Many physical therapy (PT) clinics that offer aquatic therapy have discovered that treating athletes can be a lucrative way to dominate their market share. Whether the athletes are “weekend warriors” – those individuals of all ages who have a penchant for working out but aren’t making money on their sports – or elite professionals, they can boost a PT clinic’s revenue stream considerably. The secret is to understand what they want, how to woo them and how to keep them involved.
What Athletes Want to See in a PT Clinic Environment
Athletes who are looking for a PT clinic for rehab or performance training purposes may come from a wide array of backgrounds. Many aquatic therapy professionals work with high school athletes, triathletes, competitive runners and even pros. However, most of these athletes share common needs when it comes to working within a clinical setting that offers aquatic therapy and exercise.
In general, athletes of all ages and representing all stages want a setting that provides them with:
- Creative Solutions. For instance, many athletes may not be able to come to the facility during traditional 9-5 working hours. To attract them, it might be necessary for the clinic to extend its hours or stay open for one weekend day.
- Competitive Programs. Athletes are competitive by nature, so their rehabilitative and training solutions need to represent their penchants for competitiveness.
- Rehab for Common Athletic Injuries. These can include sprains, strains, knee problems, Achilles tendon injuries, fractures, dislocations, repetitive stress injuries, shin splints, hip problems, plantar fasciitis, ankle issues and the after-effects of reconstructive surgery.
- A Well-Rounded “Menu” of Services. Giving athletes a customized “menu” allows them to pick out what they want and need in an a la carte way.
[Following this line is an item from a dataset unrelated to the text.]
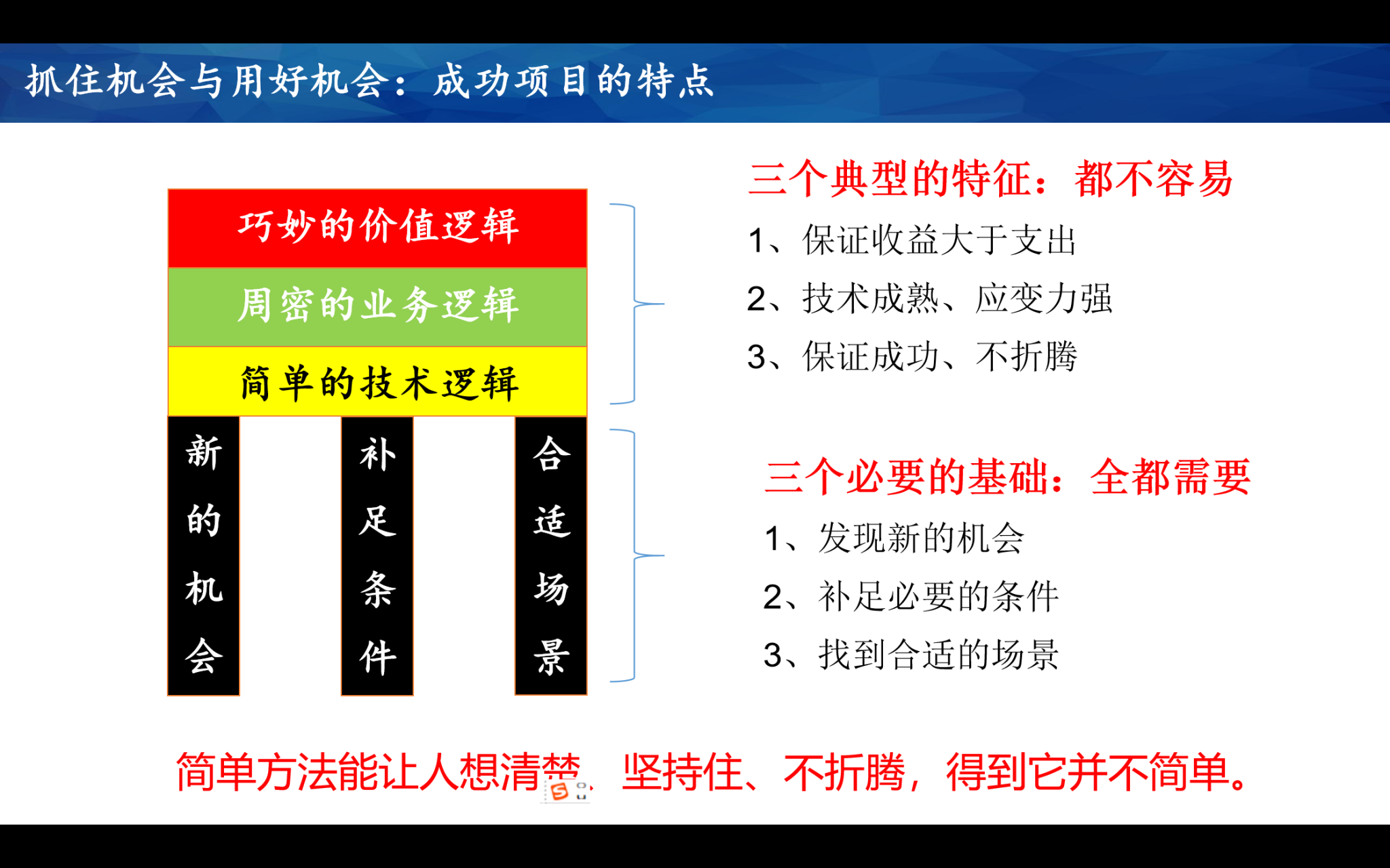 好的科技创新项目,往往有三个特点:简单的技术逻辑、周密的业务逻辑、巧妙的价值逻辑。要做到这三点,难在什么地方呢?首先是周密的价值逻辑。含长期、间接、潜在、随机价值。找到能够便于赚钱的场景;其次是周密的技术逻辑,要深刻地理解用户的场景、考虑到各种关键问题,开发技术时不要丢三落四。第三点是简单的技术逻辑。技术逻辑简单,但找到这样的技术逻辑并不简单啊!有了这个基础,才会有周密的技术逻辑,甚至才会有巧妙的价值逻辑。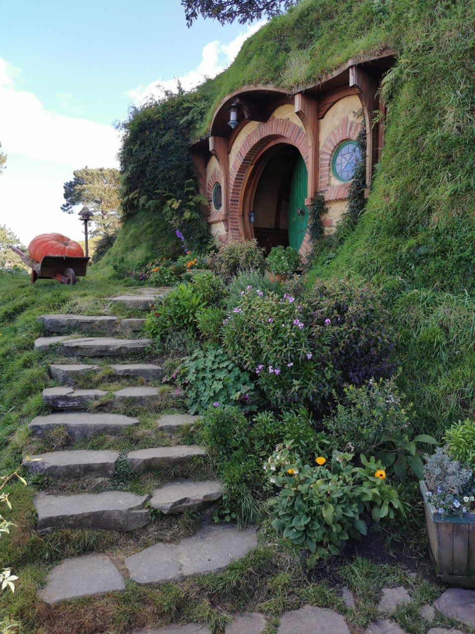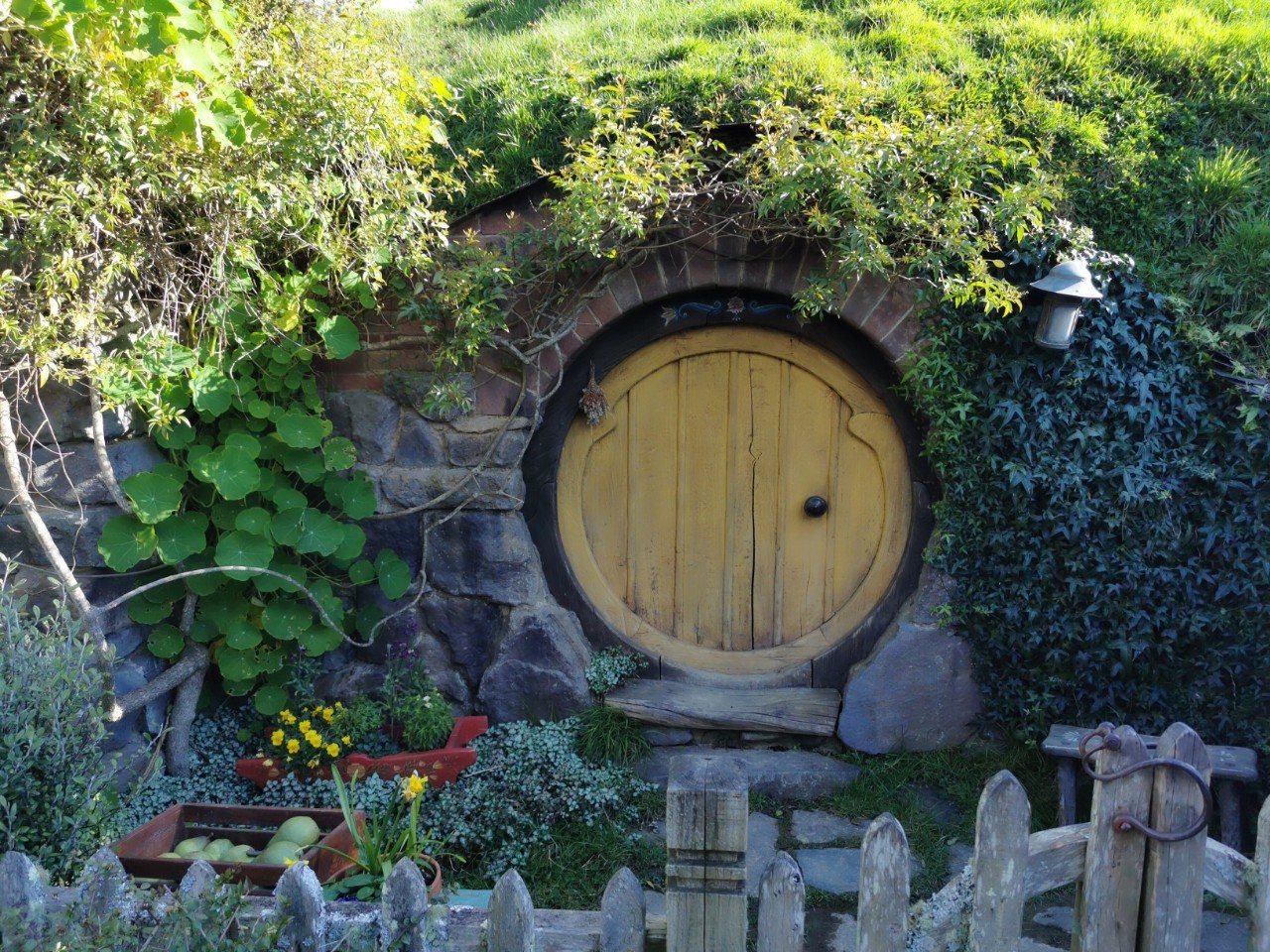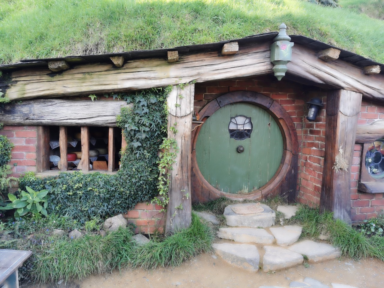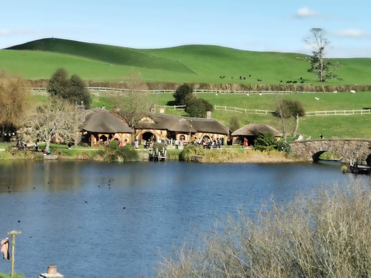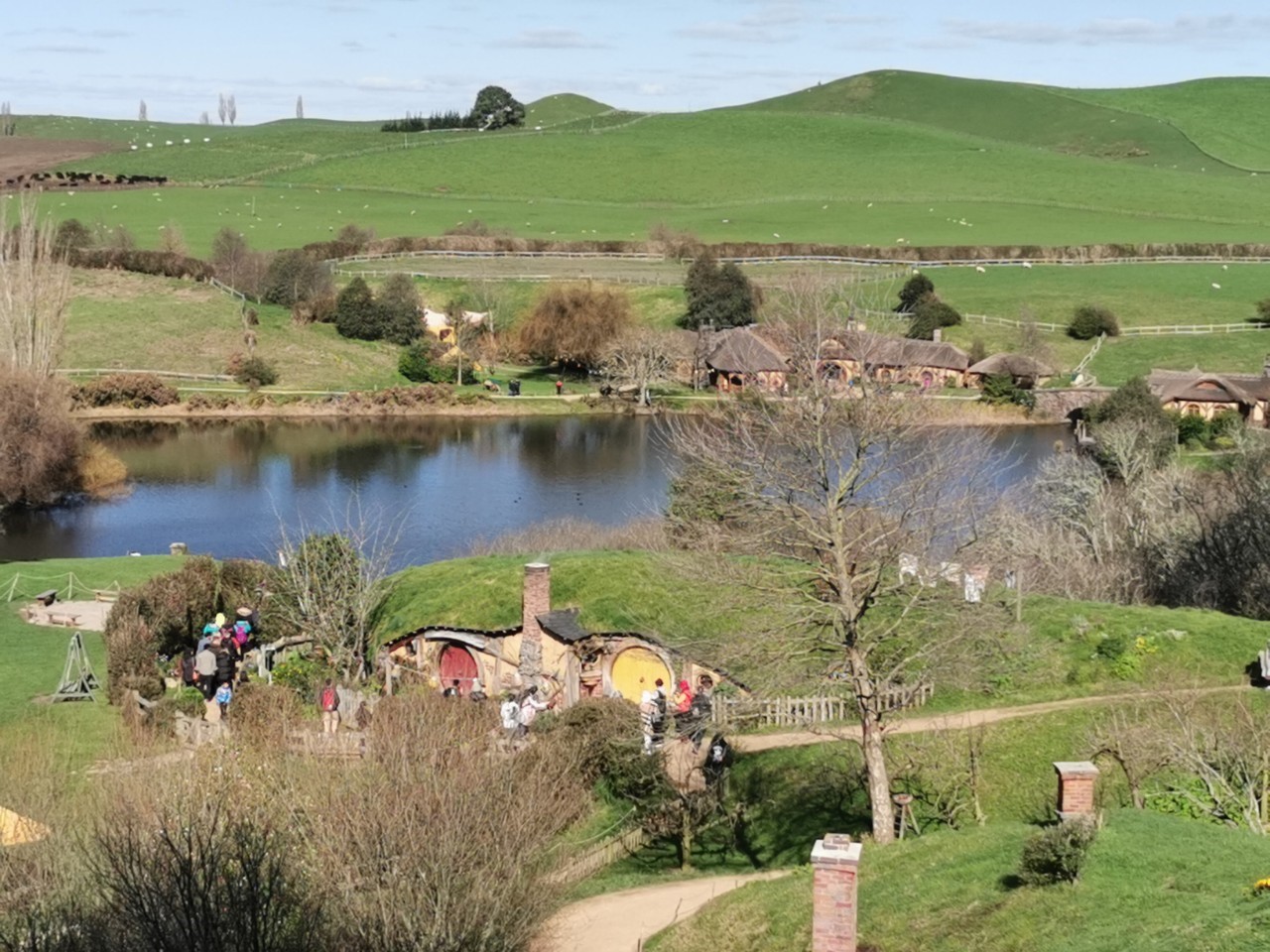 ก็สวยแปลกตาดี เหมือนมีหิ่งห้อยเกาะอยู่ตามผนังและเพดาน แล้วเราก็รีบไป Hobbiton ซึ่งห่างออกไปประมาณ 100 KM. แต่ต้องใช้เวลาขับรถ 1.30 ช.ม. เส้นทางช่วงนี้รถน้อยลงล่ะ ไม่เหมือนเมื่อวานตอนออกจาก Auckland ก็ทำเวลาได้ดีหน่อย ไปถึงนั่งรอสักพักก็ถึงรอบเรา ต้องขึ้นรถบัสของเขา เข้าไปด้านใน คนละฝั่งถนน ขับเข้าไปลึกพอสมควร แล้วเราก็ต้องเดินตามไกด์ไปตลอด ห้ามแตกแถว จนจบทริปด้วยการไปรับเครื่องดื่มคนละแก้ว เราเลือก Ginger Ale อร่อยดี

- A “Give-and-Take” Experience. Athletes are often determined to continue activity, even if they are injured. Physical therapists have to be open to this fact, and willing to work with – not against – athletes’ desires.
- Private Pay Options. PT clinics working with athletes must create private pay options, because not all athletes will have the insurance to pay for the therapy they need. Additionally, if the clinic offers exercise classes or opportunities for athletes to work out in a HydroWorx pool, customers will need to know how payments can be conveniently made.
- Support and Encouragement. What athletic person doesn’t want a cheering section? Positive feedback from a clinician who understands the mindset of the athlete is essential to keeping the motivation factor high when challenges, such as overuse injuries or surgery rehab, are faced.
Ironically, changing the average physical therapy clinic atmosphere into one that athletes find attractive can prove challenging. In the end, though, it will help not only the clinic’s new clientele reach their goals, but also the clinic’s team members learn and try new aquatic therapy and physical therapy methodologies.
How to Woo Athletes to Your Physical Therapy Clinic Setting
A promotional plan is necessary to make athletes aware that the clinic is focused on offering creative, aquatic therapy solutions that will fit their needs. Some of the marketing techniques that have worked well at clinical facilities across the country include:
- Advertise locally to inform the community of services, including gift certificates.
- Offer pre-paid punch cards with a discount (e.g., a free visit after 10 paid visits.)
- Work with a local running club, triathlon club or other team and offer member’s discounts.
- Provide student discounts, and advertise them at local competitions.
- Provide a free in-service at the PT clinic at the start of a sporting season (e.g., track and field, football, basketball.)
How to Keep Athletes Coming Back to Your Clinic… and Talking about It, Too!
Once athletes are accustomed to coming to the clinic, the marketing shouldn’t end. After all, the more they become attached to the clinic and its underwater treadmill and facilities, the more likely they are to share their success with fellow athletes. Encourage current clients to talk about the clinic’s offerings, and prepare brochures and sales documents for them to distribute. Make sure coaches are kept “in the know” about the clinic’s open houses and other special events related to physical therapy and exercise for athletes.
By remaining innovative, physical therapy clinic owners and personnel can greatly increase both their community visibility and their competitive advantage with some well-thought-out targeting of the athletic market in their areas.